Hydraulic hammers are used on work sites to break up large hard objects before such objects can be moved away. Hydraulic hammers may be mounted to back hoes or excavators, or may be hand-held. Typically, the hammer assembly is powered by either a hydraulic or pneumatic pressure source. During a work or power stroke, high fluid pressure is applied to a first shoulder of a piston, thereby driving the piston in a forward direction. The piston then strikes a work tool, commonly referred to as a tool bit, which is driven in the forward direction thereby causing a work tip of the work tool to strike the rock, concrete, asphalt or other hard object to be broken up. During a return stroke, fluid pressure is applied to a second shoulder of the piston in order to return the piston to its original position.
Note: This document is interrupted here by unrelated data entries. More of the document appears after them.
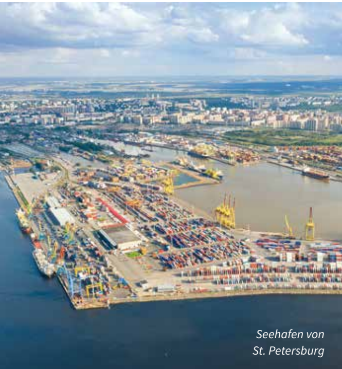
Seehafen von St. Petersburg

In einem Handelskrieg habe Russland langfristig mehr zu verlieren als die USA und ihre Alliierten. Zu diesem Schluss kommt eine Modellsimulation aus einem gemeinsamen Arbeitspapier des Instituts für Weltwirtschaft Kiel (IfW) und des Österreichischen Wirtschaftsforschungsinstituts (WIFO).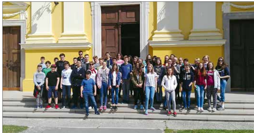
A nagyváradi templom előtt

Brassóban a Cenk hegytömből gyönyörködtek a hegyekkel körülvett város látképében, majd megnézték a főtér és környékét, utána pedig Pürkerence utaztak, ahol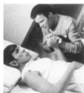
Самая первая слэш-пара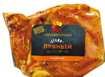
Стейк СОСНОВОБОРСКИЙ Пряный в маринаде на кости, 400 г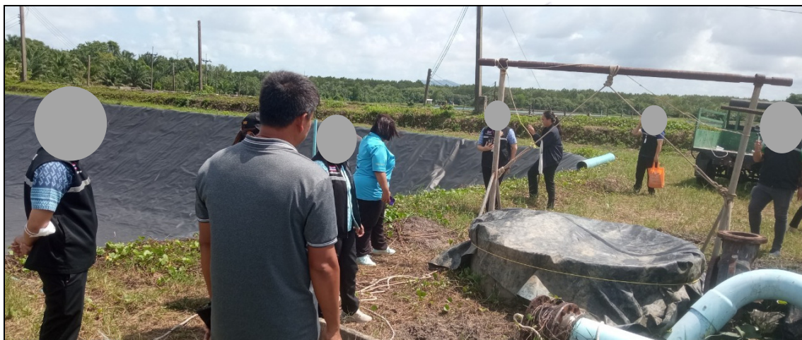
ภาพ : เจ้าหน้าที่เข้าตรวจสอบสถานที่เกิดอุบัติเหตุ

วันที่ ๑๕ มิถุนายน ๒๕๖๗ สำนักป้องกันควบคุมโรคที่ ๑๑ จังหวัด น สำนักงานสาธารณสุขจังหวัด ร สำนักงานสาธารณสุขอำเภอเมือง ร โรงพยาบาล ร โรงพยาบาลส่งเสริมสุขภาพตำบล ห เทศบาลตำบล ร และสถานีตำรวจภูธรตำบล ร เข้าตรวจสอบหาสาเหตุในพื้นที่เกิดเหตุ โดยทำการตรวจวัดก๊าซภายในบ่อที่เกิดเหตุ ทุกๆ หนึ่งเมตรจากปากบ่อ จนถึงผิวน้ำก้นบ่อ ทั้งก่อนกวนและหลังกวนตะกอนด้วยแท่งเหล็ก ซึ่งเป็นการจำลองสถานการณ์ให้มีลักษณะใกล้เคียงขณะเกิดเหตุที่ลูกจ้างตักโกยตะกอนที่ก้นบ่อ

The work tool is retained within a sleeve, commonly referred to as a front head. Conventionally a tool retention pin is used to retain the tool within the front head. The pin extends across one side of the front head and engages with a transverse machined groove in the tool. The height of the groove is greater than the diameter of the pin, thereby allowing reciprocal forward and backward movement of the hammer over a limited range of movement. In use, when the work tip does not fully engage with the hard object on which the tool is being used, or during an idle stroke, the front head must resist the work stroke of the tool. This results in a large impact load, which causes high instantaneous stresses in the components which transfer the impact load back to the hammer body.
At least some of the disclosed embodiments may overcome one or more of the abovementioned drawbacks.